Documented in combineRecomputedResults

#' Combine SingleR results with recomputation
#'
#' Combine results from multiple runs of \code{\link{classifySingleR}} (usually against different references) into a single \link[S4Vectors]{DataFrame}.
#' This involves recomputing the scores so that they are comparable across references.
#'
#' @param results A list of \link[S4Vectors]{DataFrame} prediction results as returned by \code{\link{classifySingleR}} when run on each reference separately.
#' @inheritParams SingleR
#' @param check.missing Deprecated and ignored, as any row filtering will cause mismatches with the \code{test.genes=} used in \code{\link{trainSingleR}}.
#' @param trained A list of \link[S4Vectors]{List}gs containing the trained outputs of multiple references,
#' equivalent to either (i) the output of \code{\link{trainSingleR}} on multiple references with \code{recompute=TRUE},
#' or (ii) running \code{trainSingleR} on each reference separately and manually making a list of the trained outputs.
#' @param warn.lost Logical scalar indicating whether to emit a warning if markers from one reference in \code{trained} are absent in other references.
#' @param quantile Numeric scalar specifying the quantile of the correlation distribution to use for computing the score, see \code{\link{classifySingleR}}.
#' @param fine.tune A logical scalar indicating whether fine-tuning should be performed. 
#' @param tune.thresh A numeric scalar specifying the maximum difference from the maximum correlation to use in fine-tuning.
#' @param allow.lost Deprecated.
#'
#' @return A \link[S4Vectors]{DataFrame} is returned containing the annotation statistics for each cell or cluster (row).
#' This mimics the output of \code{\link{classifySingleR}} and contains the following fields:
#' \itemize{
#' \item \code{scores}, a DataFrame of DataFrames containing the \emph{recomputed} scores for the best label in each reference.
#' Each nested DataFrame corresponds to a reference and contains \code{labels} (the best label for that cell in this reference) and \code{scores} (the recomputed score).
#' \item \code{labels}, a character vector containing the per-cell combined label across references.
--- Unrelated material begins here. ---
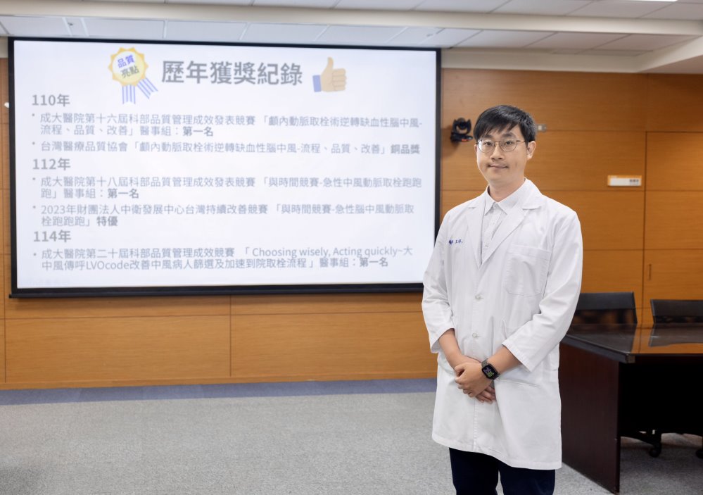 成大醫院中風中心近年持續優化流程,提升溶栓率與取栓速度,多次獲得醫策會照護品質認證及品質獎項肯定。
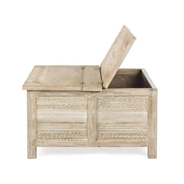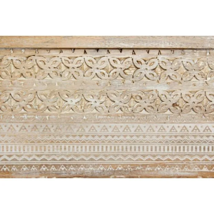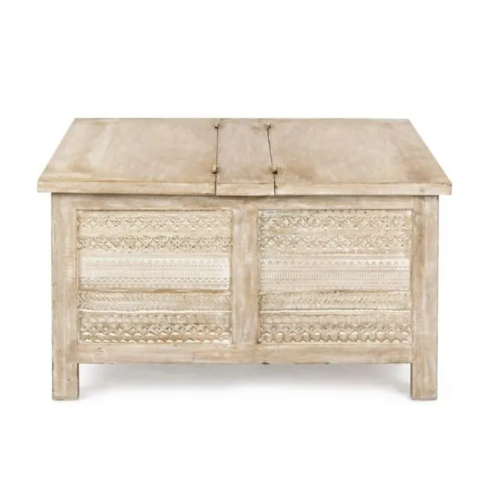 Klubska mizica MAYRA ima okvir iz lesa z ročno izrezanimi okraski, zadnje strani so iz MDF-ja. Imajo medeninaste ročaje. S svojo obliko in motivom se odlično poda v vsak prostor. Prednost mizice je da ima predal v notranjosti mizice v katerega lahko spravite veliko različnih stvari.

#' \item \code{reference}, an integer vector specifying the reference from which the combined label was derived.
#' \item \code{delta.next}, a numeric vector containing the difference between the best and next-best score.
#' If \code{fine.tune=TRUE}, this is reported for scores after fine-tuning.
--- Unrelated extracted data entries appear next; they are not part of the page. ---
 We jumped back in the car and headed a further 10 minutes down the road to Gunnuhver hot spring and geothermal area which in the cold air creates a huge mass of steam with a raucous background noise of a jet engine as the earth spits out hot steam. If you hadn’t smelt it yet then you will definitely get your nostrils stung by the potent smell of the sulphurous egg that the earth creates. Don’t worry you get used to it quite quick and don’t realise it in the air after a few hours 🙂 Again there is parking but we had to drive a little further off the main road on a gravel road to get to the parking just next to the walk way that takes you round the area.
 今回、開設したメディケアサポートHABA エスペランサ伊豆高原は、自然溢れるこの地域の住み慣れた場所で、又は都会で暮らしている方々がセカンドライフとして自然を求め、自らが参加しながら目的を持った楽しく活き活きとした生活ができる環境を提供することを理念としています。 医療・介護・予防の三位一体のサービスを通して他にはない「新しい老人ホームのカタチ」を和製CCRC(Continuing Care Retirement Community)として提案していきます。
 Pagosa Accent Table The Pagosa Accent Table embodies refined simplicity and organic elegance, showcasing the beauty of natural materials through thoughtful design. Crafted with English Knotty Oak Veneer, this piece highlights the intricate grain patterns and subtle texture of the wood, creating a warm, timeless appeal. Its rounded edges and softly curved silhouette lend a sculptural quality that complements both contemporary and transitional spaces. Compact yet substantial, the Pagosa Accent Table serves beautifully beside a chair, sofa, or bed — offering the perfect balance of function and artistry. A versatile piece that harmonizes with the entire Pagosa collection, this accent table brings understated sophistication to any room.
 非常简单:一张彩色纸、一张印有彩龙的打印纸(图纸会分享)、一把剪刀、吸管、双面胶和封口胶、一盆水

#' \item \code{orig.results}, a DataFrame containing \code{results}.
#' }
#' It may also contain \code{pruned.labels} if these were also present in \code{results}.
#'
#' @details
#' Here, the strategy is to perform classification separately within each reference, 
#' then collate the results to choose the label with the highest score across references.
#' For a given cell in \code{test}, we extract its assigned label from each reference in \code{results}, along with the marker genes associated with that label.
#' We take the union of the markers for the assigned labels across all references.
#' This defines a common feature space in which the score for each reference's assigned label is recomputed using \code{ref};
#' the label from the reference with the top recomputed score is then reported as the combined annotation for that cell.
#' 
#' A key aspect of this approach is that each entry of \code{results} is generated separately for each reference.
#' This avoids problems with unintersting technical or biological differences between references that could otherwise introduce noise by forcing irrelevant genes into the marker list. 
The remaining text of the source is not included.